Basic and diluted earnings per share are summarized as follows:
1998 1997
Income from continuing operations $30,914 $31,257
Average common shares
outstanding - basic 33,621 34,904
Basic income from continuing
operations per average share $ .92 $ .90
======= =======
Average common shares outstanding 33,621 34,904
Effect of dilutive securities 42 16
------- -------
Average common shares
outstanding - diluted 33,663 34,920
Diluted income from continuing
operations - per average share $ .92 $ .90
======== ========
The Corporation adopted Statement of Financial Accounting Standard No. 130 -
Reporting Comprehensive Income during the first quarter of 1998.
Comprehensive income is defined as changes in equity of a business enterprise
during a period from transactions and other events from non-owner sources.
The Corporation has displayed comprehensive income on its Statement of
Consolidated Income on page 3 of this Form 10-Q.
The Corporation also adopted Statement of Position 98-1 "Accounting for the
Costs of Computer Software Developed or Obtained for Internal Use." This
statement provides guidance on accounting for the costs of computer software
developed or obtained for internal use and allows for certain costs associated
with developing/obtaining software for internal use to be capitalized.
Pursuant to this, the Corporation capitalized $1.1 million during the first
quarter of 1998. Prior to this Statement of Position, this amount would have
been expensed as incurred.
NOTE II - FIRST QUARTER EVENTS
During the first quarter of 1998, the Corporation was in violation of one of
its loan covenants for its revolving line of credit. The covenant states that
no more than 30% of the Corporation's investment portfolio at market value may
be invested in equity securities. At March 31, 1998 the actual percentage of
equity securities to consolidated investments was 30.2% at market value. This
violation occurred solely because of appreciation in the Corporation's equity
portfolio. The Corporation has not allocated any new funds to the equity
portfolio in the last three years. The syndicate of banks under the credit
agreement have all signed waivers of default for this occurrence.
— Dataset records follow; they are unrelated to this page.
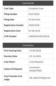 धनबाद न्यायालय से उत्पाद अधिनियम की धारा 47ऐ के अंतर्गत, आरोपी पप्पू कुमार को श्री हेमंत कुमार सिंह, प्रथम श्रेणी न्यायिक दंडाधिकारी, धनबाद ने साक्ष्य के अभाओं मैं रिहा कर दिया,वही उत्पाद विभाग कि और से लोक अभियोजन श्रीमती वर्षा द्विवेदी ने परवी कि तो वही आरोपी कि और से युवा अधिवक्ता श्री राहुल कुमार अग्रावाल ने बहास किया! सहायक आयुक्त उत्पाद विभाग को गुप्त सूचना ने आधार पर दूहाटांड,धनसार मैं दिनाक 31/7/2018 को छापेमारी कि थी, ज़िसमे पुलिस पदाधिकारी सुरेश कुमार ने पप्पू कुमार को अवैध नकाली विदेशी शराब के 180 मिलीलीटर की 30 पेटी,(259 लीटर विदेशी) और देशी शराब 200 मिलीलीटर के 8 बोरा,( 240 लीटर देशी) शराब के साथ गिरफ्तार किया गया था, पप्पू कुमार वर्तमान में जमानत पे था !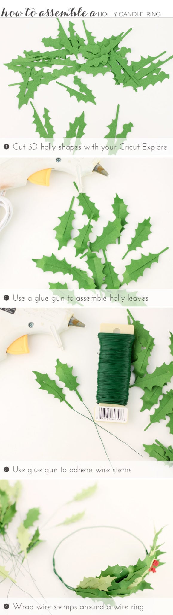 I broke out my Cricut Explore for this project and called up the new 3D Florals image set which is packed with really nice dimensional florals and leaves. The holly leaves were calling my name – so I cut about 75 of them from green cardstock…afterall, it takes the same amount of effort to cut one leaf as it does to cut 75 – and that effort level would be zero. Just press “Go,” walk away and stare at the wall until the Explore is done cutting.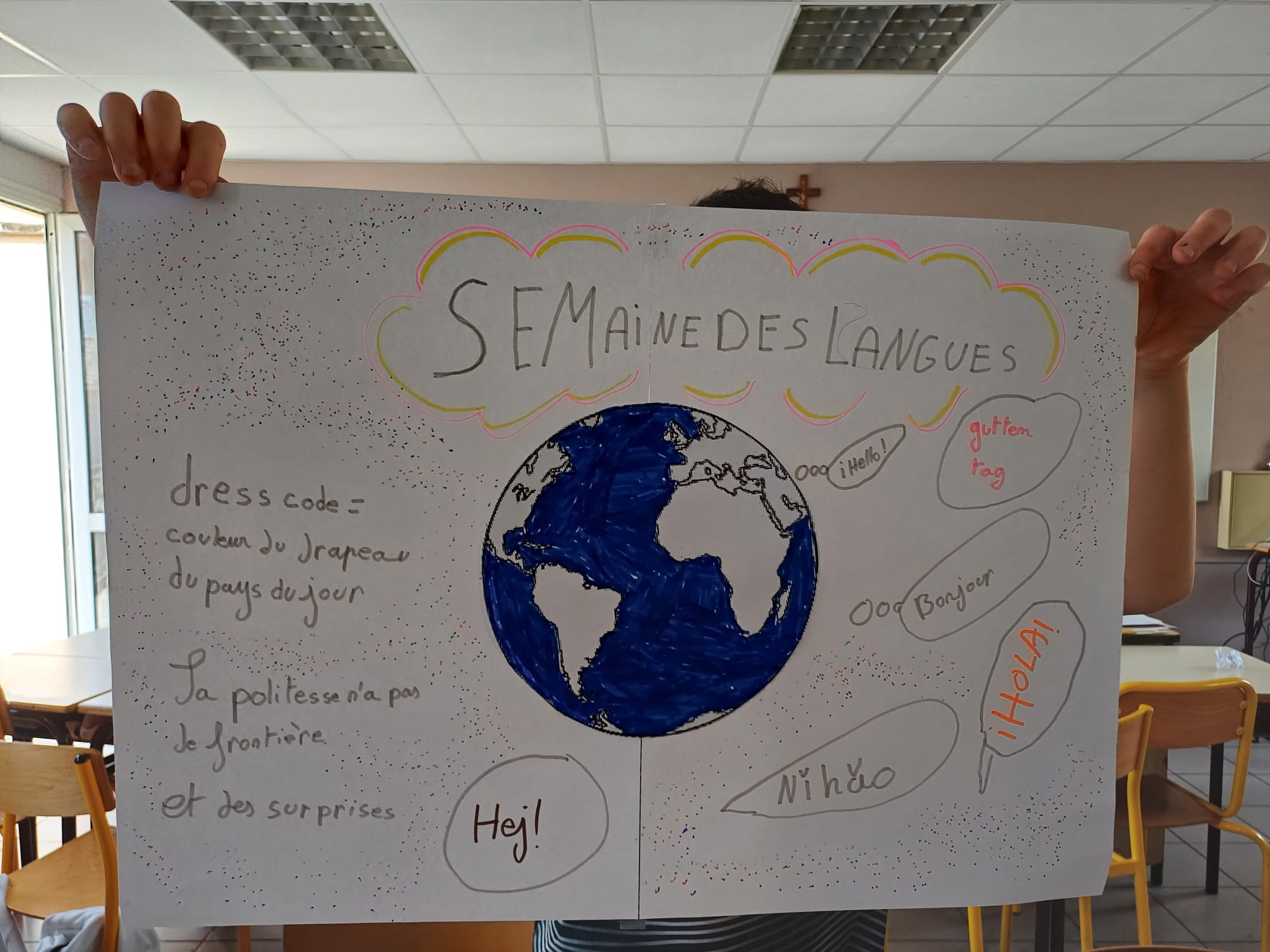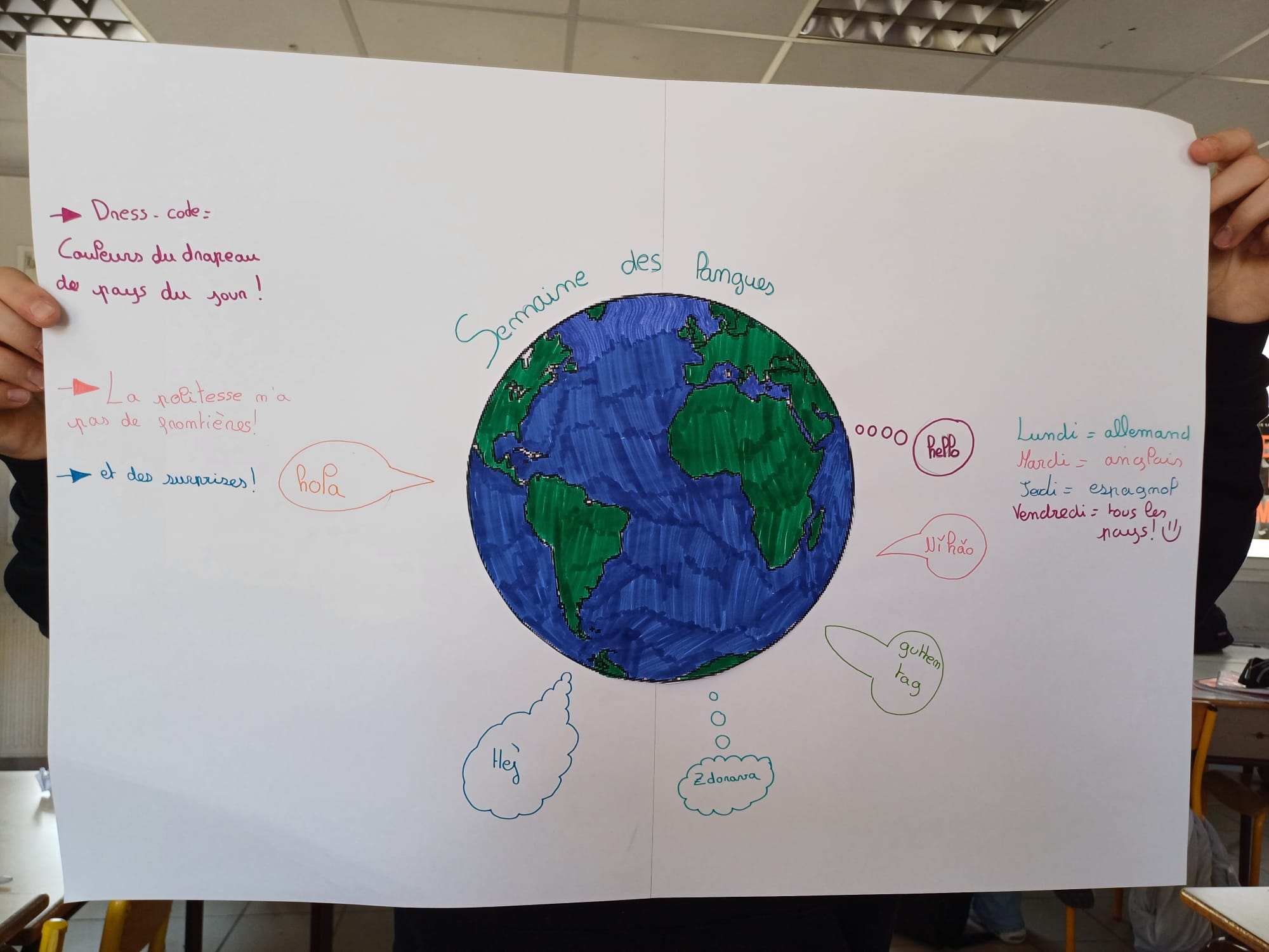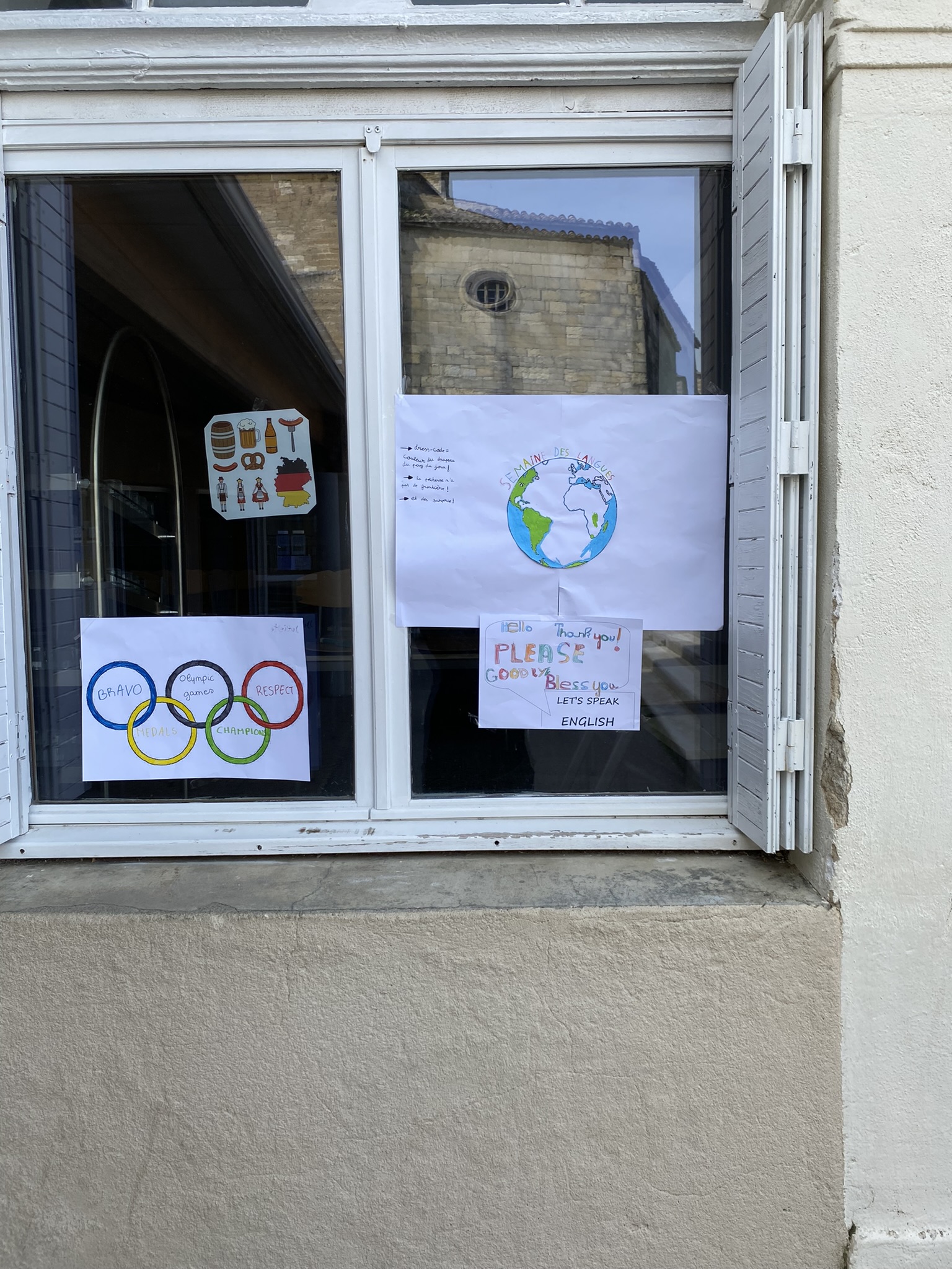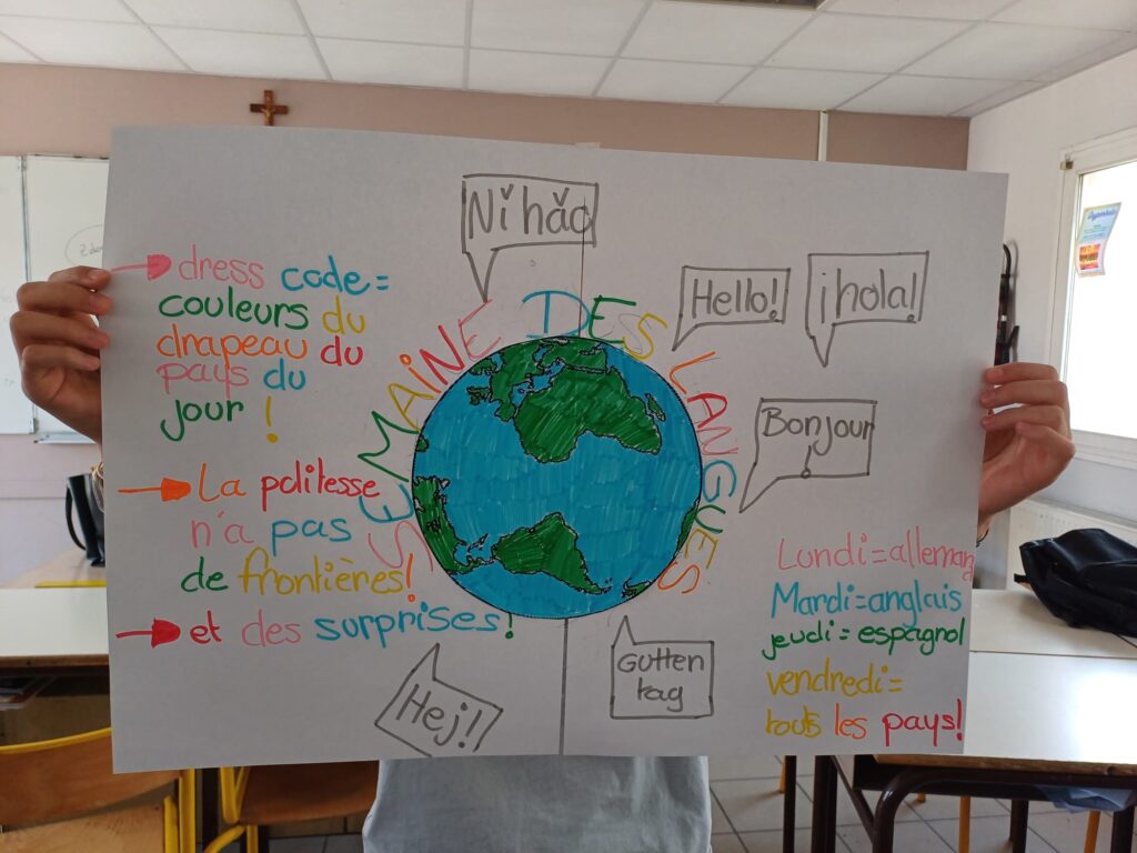 A cette occasion les élèves ont créé des affiches avec des mots de politesse dans toutes les langues, et en rapport avec les jeux olympiques. Elles sont affichées sur les 3 sites. Des activités surprises seront proposées.

NOTE III - INTERIM ADJUSTMENTS
It is believed that all material adjustments necessary to present a fair
statement of the results of the interim period covered are reflected in this
report.
6
<PAGE> 7
ITEM 2. Management's Discussion and Analysis of Financial Condition
and Results of Operations
Property and casualty pre-tax underwriting losses for the quarter ended March
31, 1998 were $6.0 million, $.18 per share, compared with $14.4 million, $.41
per share for the same period in 1997. Gross premiums for the first three
months of 1998 increased 1.4% for all lines of business. Commercial lines
decreased 6.6% and personal lines increased 7.9% from the same period last
year. Property and casualty net premiums increased 1.3% for the first quarter
of 1998 from the same period a year ago.
Premium writings continue to demonstrate the impact of our agency
repositioning strategy. Premium from active agents increased 4.2% over the
same period last year. New Jersey is our largest state with 16.2% of total
premiums written during the year. Legislation passed in 1992 requires
automobile insurers operating in the state to accept all risks that meet
underwriting guidelines regardless of risk concentration. This leads to a
greater risk concentration in the state than the Corporation would otherwise
accept. New Jersey also requires assessments to be paid for the New Jersey
Unsatisfied Claim and Judgment Fund (UCJF). The assessment for 1998 is
approximately $3.2 million compared with $4.2 million in 1997. Recently, the
New Jersey State Senate passed an auto insurance reform bill that mandates a
15% rate reduction for personal auto liability policies for drivers who agree
not to sue for "pain and suffering" unless they suffer permanent injury in an
accident. The bill is currently under review by the Assembly. The
anticipated impact on the Corporation is a tradeoff of lower premium rates for
personal auto policies but also lower losses on these policies. As of March
31, 1998 the Corporation had net premiums written of $12.6 million in personal
auto liability or 25% of total premiums that the Corporation writes in New
Jersey. The maximum impact of this reform bill on the Corporation would have
been a decrease of $1.9 million for the quarter in premium if all
policyholders made this election on their policies.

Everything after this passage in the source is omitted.